“La pauvreté te va mieux que la richesse,”
ricana sa belle-sœur en la chassant de l’appartement.
Raisa rangeait ses affaires dans une vieille valise, essuyant ses larmes de temps en temps. La pièce qui avait été son foyer durant les trois dernières années était maintenant vide. Il ne restait plus aucun livre sur les étagères, toutes les photos avaient été enlevées des murs, et Alla l’avait même forcée à décrocher les rideaux.
Alla, sa belle-sœur, la sœur de son défunt mari, se tenait sur le pas de la porte et la regardait faire ses bagages avec une expression froide. Sa robe noire la rendait encore plus sombre, et ses lèvres fines étaient serrées dans une moue méprisante.
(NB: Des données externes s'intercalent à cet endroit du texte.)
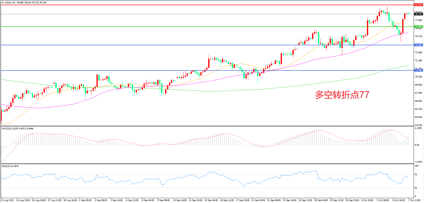 周四(10月7日),美国参议院多数党领袖舒默宣布,已就提高短期债务上限达成协议,市场风险情绪改善,美国WTI原油震荡上行,收报78.77美元/桶。之前市场关注焦点一直在全球疫情局势、经济复苏紧张和供需变化方面,对油价的评估相对理性。而现在市场焦点已经聚焦在能源危机层面,在能源危机氛围下,市场会阶段性淡化原油市场一些利空因素,油价短期有望维持强势。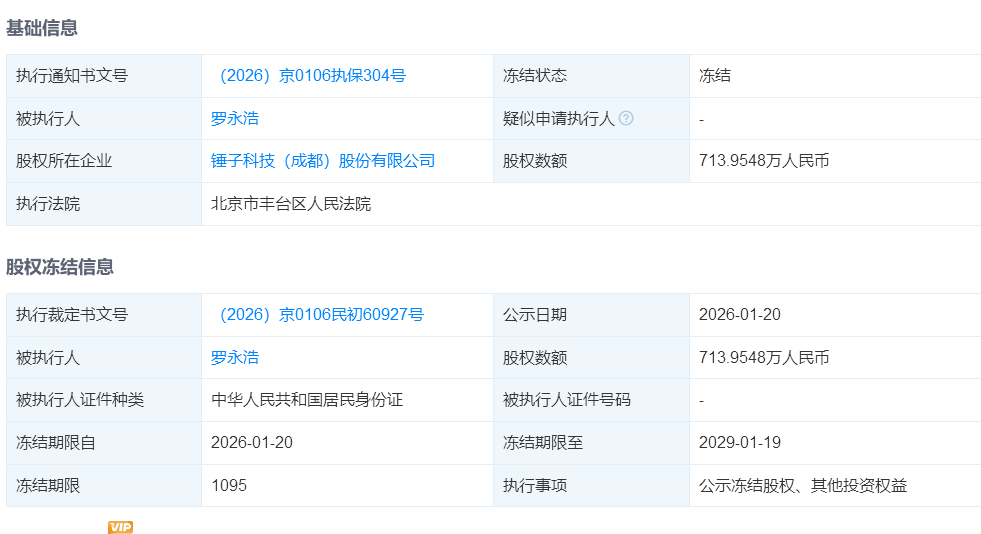 凤凰网财经讯 1月22日 天眼查天眼风险信息显示, 罗永浩名下新增一则股权冻结记录,其持有的锤子科技(成都)股份有限公司约714万元股权被司法冻结, 冻结期限自2026年1月20日起至2029年1月19日止,执行法院为北京市丰台区人民法院。 | 序号 | 执行通知书文号 | 被执行人 | 股权所在企业 | 股权数额 | 执行法院 | 类型 | 状态 | 源 | | --- | --- | --- | --- | --- | --- | --- | --- | --- | | 1 | (2026) 京0106执保3 | 罗永浩 | 锤子科技(成都) 股 | 713.9548万人民 | 北京市丰台区人 | 股权冻结 | 冻结 | 202 | | | 04号 | | 份有限公司 | e | 民法院 | | | 202 | | 2 | (2023) 京01财保258 | 罗永浩 | 成都锤子科技集团有 | 713.9535万人民 | 北京市第一中级 | 股权冻结 | 冻结 | 202 | | | 를 | | 限公司 | モ | 人民法院 | | | 202 | | 3 | (2023) 京01财保258 | 罗永浩 ...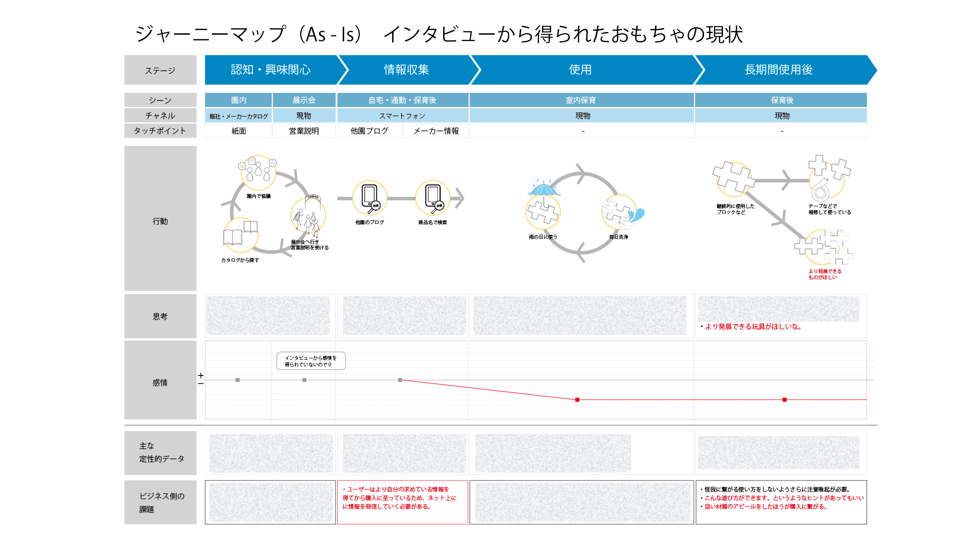 これらを改善することで、継続的に使用満足度が高い玩具やサービスが展開できると考えた。

“Alors ? Tu es prête ?” demanda-t-elle en regardant sa montre. “La voiture sera là dans une demi-heure.”
“Presque,” répondit doucement Raisa, en fermant la valise. “Je dois juste mettre les documents dans mon sac.”
“N’oublie pas de laisser les clés sur la table.”
Raisa hocha la tête. Dehors, il pleuvait. La journée grise de novembre correspondait parfaitement à son humeur. Elle s’assit sur le bord du lit, qui ne lui appartenait plus non plus.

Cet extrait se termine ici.